(What is expected): In the material below, find the line with "Монеты номиналом 3" and the line with "Корзина подвесная для", then output those two lines and every line between them, exactly.

(Available data):
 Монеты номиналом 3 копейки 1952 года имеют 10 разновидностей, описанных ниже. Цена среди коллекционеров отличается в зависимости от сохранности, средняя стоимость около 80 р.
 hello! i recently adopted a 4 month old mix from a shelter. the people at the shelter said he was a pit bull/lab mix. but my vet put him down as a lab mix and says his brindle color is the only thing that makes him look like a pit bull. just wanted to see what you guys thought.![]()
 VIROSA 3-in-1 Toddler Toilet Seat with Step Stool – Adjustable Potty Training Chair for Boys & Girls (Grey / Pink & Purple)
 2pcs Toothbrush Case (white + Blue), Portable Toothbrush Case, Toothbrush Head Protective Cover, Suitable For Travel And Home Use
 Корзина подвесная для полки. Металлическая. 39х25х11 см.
--
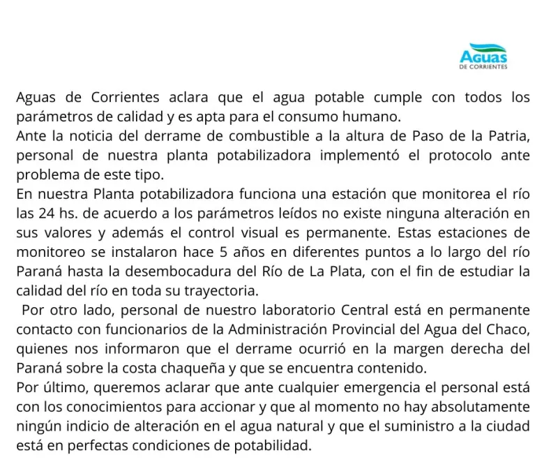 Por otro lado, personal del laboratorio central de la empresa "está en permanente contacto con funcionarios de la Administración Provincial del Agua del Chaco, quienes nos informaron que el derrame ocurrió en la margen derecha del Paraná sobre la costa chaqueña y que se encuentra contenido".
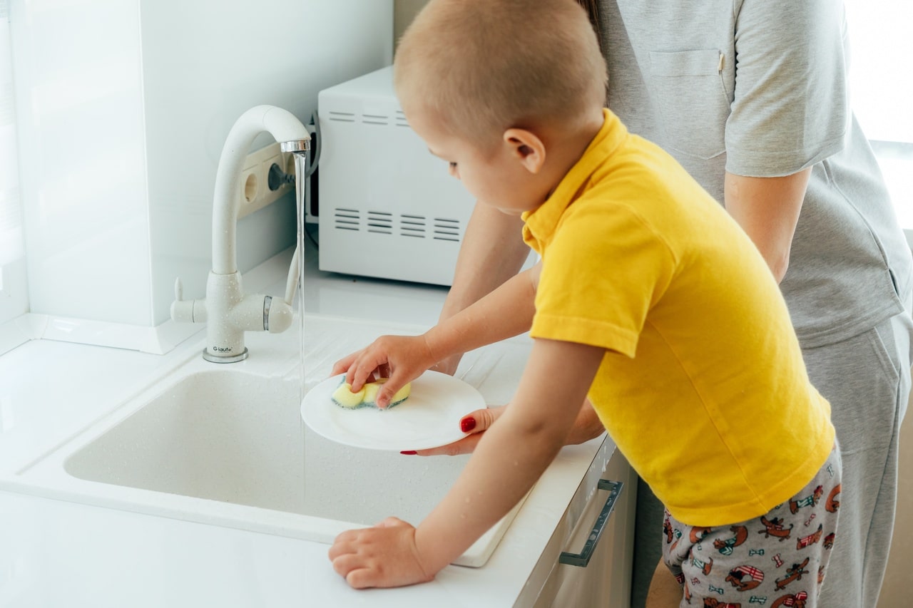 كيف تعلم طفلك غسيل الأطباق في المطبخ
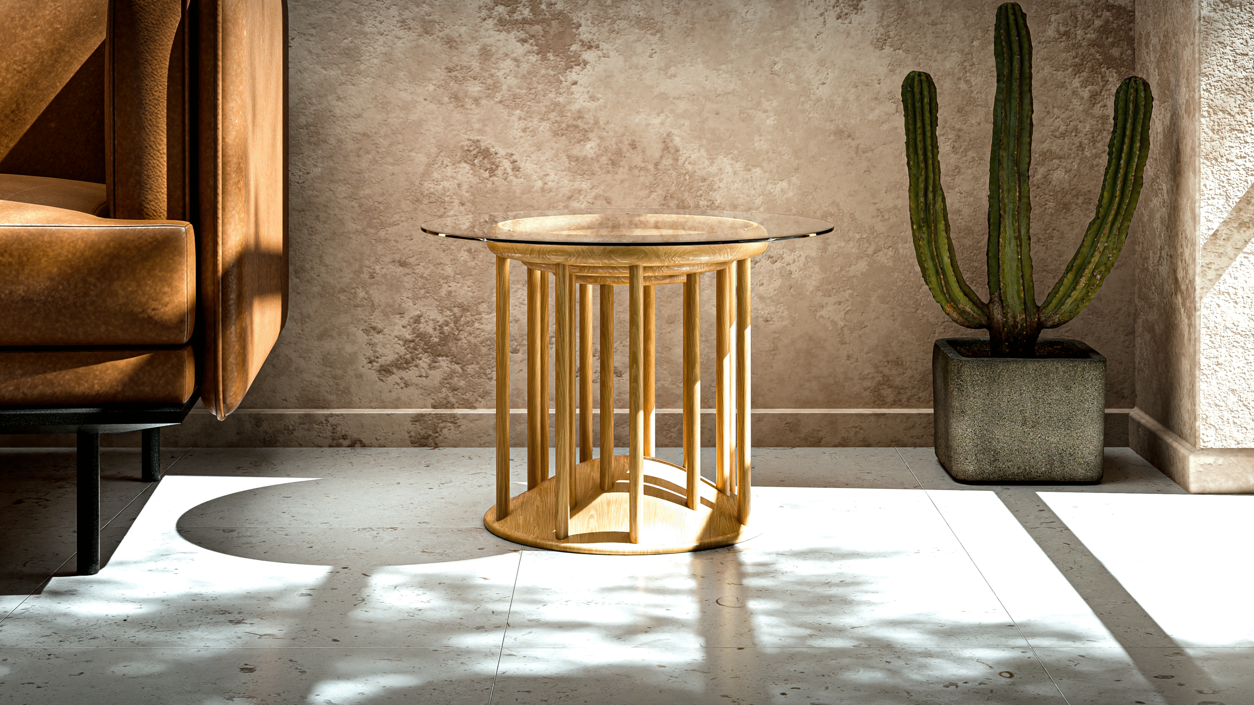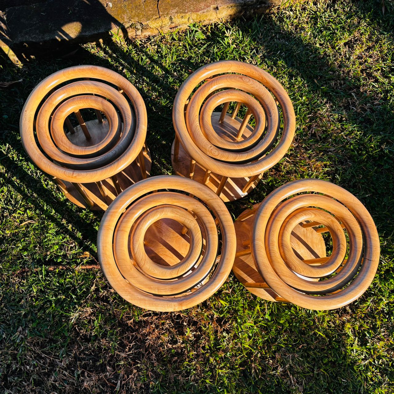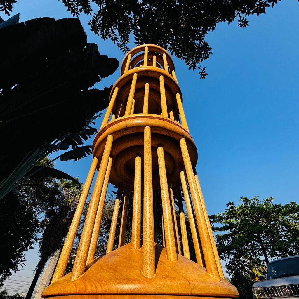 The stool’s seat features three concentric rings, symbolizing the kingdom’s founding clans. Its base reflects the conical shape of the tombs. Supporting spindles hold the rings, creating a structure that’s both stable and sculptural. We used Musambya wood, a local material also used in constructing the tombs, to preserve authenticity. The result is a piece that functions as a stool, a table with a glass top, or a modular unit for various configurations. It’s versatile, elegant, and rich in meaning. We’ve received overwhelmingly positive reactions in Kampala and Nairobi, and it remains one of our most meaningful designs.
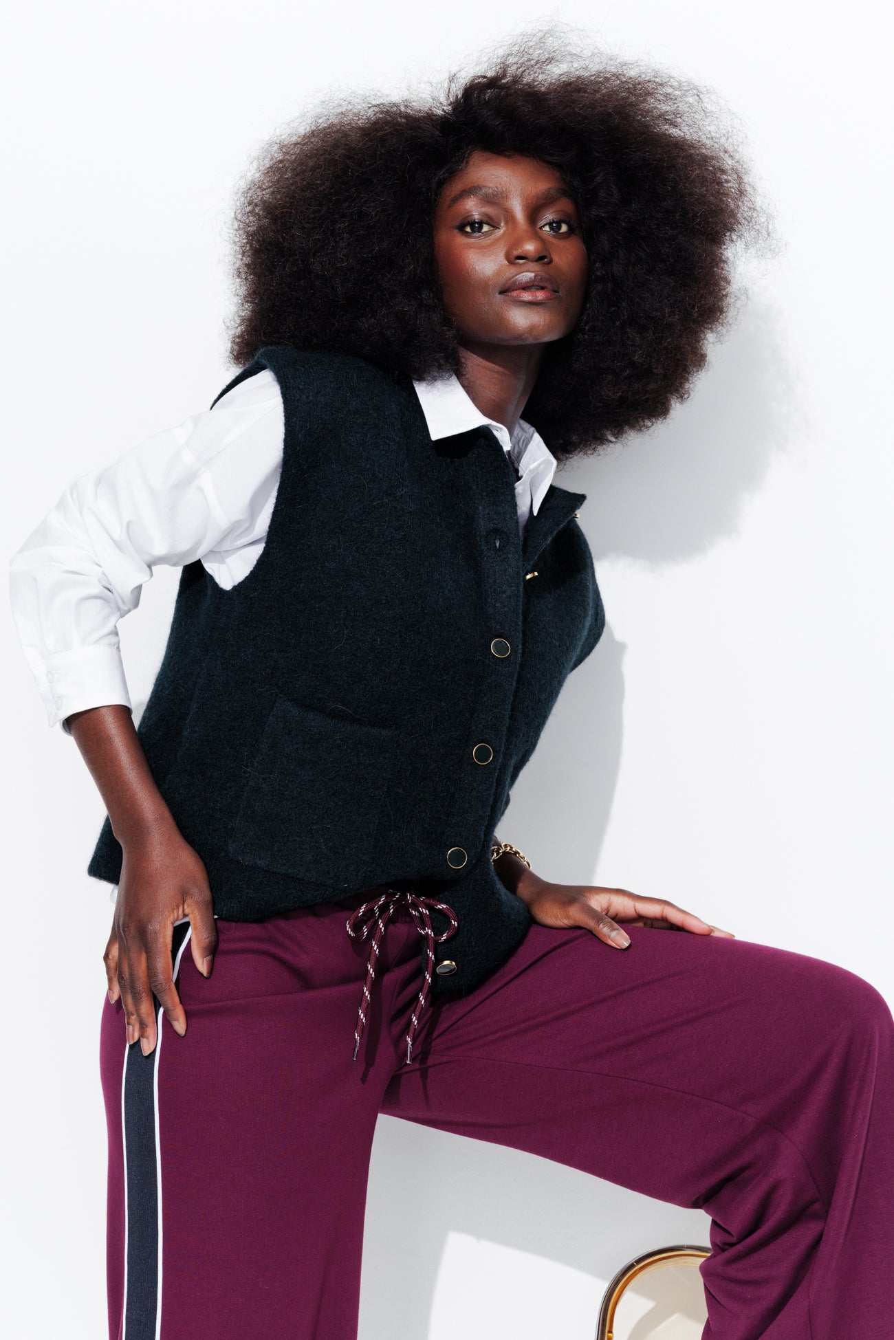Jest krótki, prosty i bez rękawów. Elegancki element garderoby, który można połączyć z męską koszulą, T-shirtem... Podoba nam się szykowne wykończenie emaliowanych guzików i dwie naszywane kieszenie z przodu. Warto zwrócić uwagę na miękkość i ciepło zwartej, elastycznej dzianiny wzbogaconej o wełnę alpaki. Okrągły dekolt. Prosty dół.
...
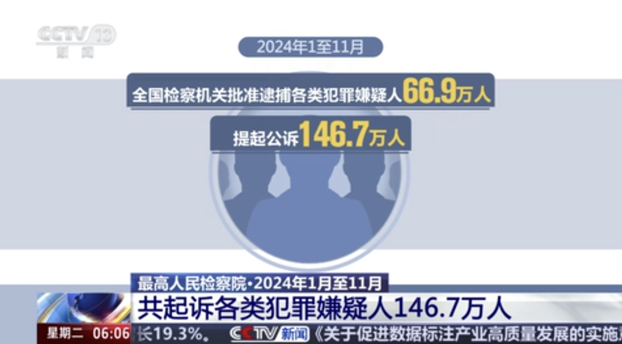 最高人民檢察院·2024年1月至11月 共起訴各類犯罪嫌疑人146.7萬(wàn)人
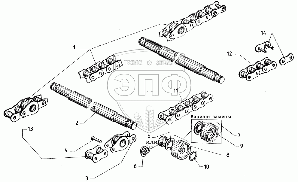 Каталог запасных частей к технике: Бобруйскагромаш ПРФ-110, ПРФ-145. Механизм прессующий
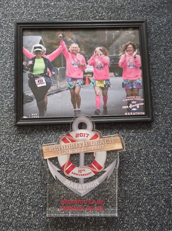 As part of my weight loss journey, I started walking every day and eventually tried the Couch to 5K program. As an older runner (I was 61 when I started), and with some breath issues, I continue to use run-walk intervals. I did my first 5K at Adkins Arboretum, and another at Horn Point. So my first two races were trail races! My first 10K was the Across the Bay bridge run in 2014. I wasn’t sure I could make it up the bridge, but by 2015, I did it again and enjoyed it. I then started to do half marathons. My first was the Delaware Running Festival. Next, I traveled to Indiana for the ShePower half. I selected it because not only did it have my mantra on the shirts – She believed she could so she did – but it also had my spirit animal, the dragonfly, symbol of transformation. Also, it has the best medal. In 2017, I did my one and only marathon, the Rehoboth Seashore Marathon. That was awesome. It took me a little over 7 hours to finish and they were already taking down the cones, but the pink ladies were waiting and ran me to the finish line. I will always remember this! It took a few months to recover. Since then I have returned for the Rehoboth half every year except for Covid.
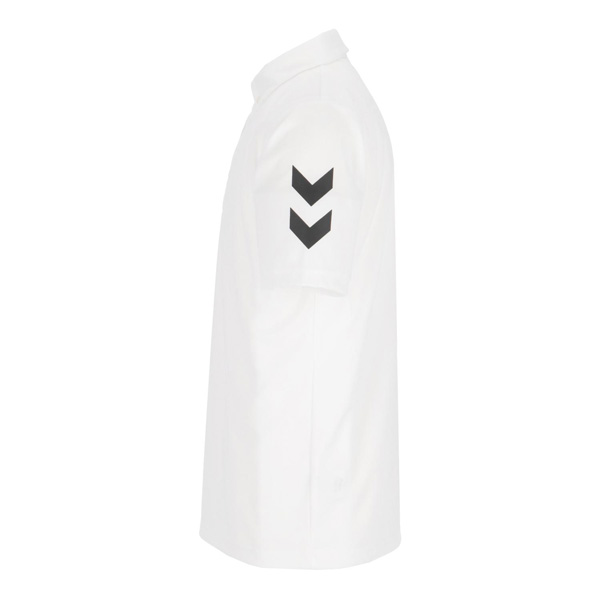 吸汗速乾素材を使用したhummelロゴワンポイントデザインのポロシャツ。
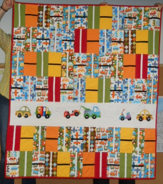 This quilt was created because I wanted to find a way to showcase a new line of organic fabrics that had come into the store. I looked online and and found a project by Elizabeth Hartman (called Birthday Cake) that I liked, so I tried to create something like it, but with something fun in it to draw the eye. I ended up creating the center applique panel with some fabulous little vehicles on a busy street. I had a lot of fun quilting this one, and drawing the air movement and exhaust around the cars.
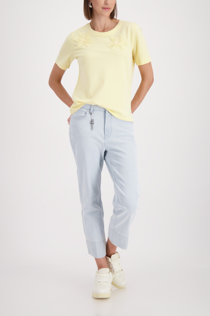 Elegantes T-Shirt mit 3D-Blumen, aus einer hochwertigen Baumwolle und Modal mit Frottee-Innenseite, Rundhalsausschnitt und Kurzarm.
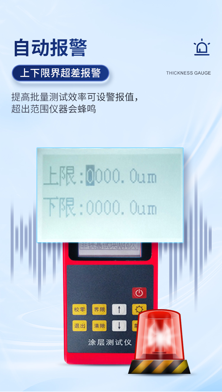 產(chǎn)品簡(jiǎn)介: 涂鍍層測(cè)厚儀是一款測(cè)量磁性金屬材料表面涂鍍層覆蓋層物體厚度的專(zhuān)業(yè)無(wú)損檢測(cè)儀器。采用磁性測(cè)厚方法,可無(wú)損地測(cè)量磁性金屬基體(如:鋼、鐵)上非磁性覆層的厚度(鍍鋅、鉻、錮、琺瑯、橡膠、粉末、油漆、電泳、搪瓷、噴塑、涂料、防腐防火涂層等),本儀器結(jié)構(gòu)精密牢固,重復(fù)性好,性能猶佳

(Final answer):
 Монеты номиналом 3 копейки 1952 года имеют 10 разновидностей, описанных ниже. Цена среди коллекционеров отличается в зависимости от сохранности, средняя стоимость около 80 р.
 hello! i recently adopted a 4 month old mix from a shelter. the people at the shelter said he was a pit bull/lab mix. but my vet put him down as a lab mix and says his brindle color is the only thing that makes him look like a pit bull. just wanted to see what you guys thought.![]()
 VIROSA 3-in-1 Toddler Toilet Seat with Step Stool – Adjustable Potty Training Chair for Boys & Girls (Grey / Pink & Purple)
 2pcs Toothbrush Case (white + Blue), Portable Toothbrush Case, Toothbrush Head Protective Cover, Suitable For Travel And Home Use
 Корзина подвесная для полки. Металлическая. 39х25х11 см.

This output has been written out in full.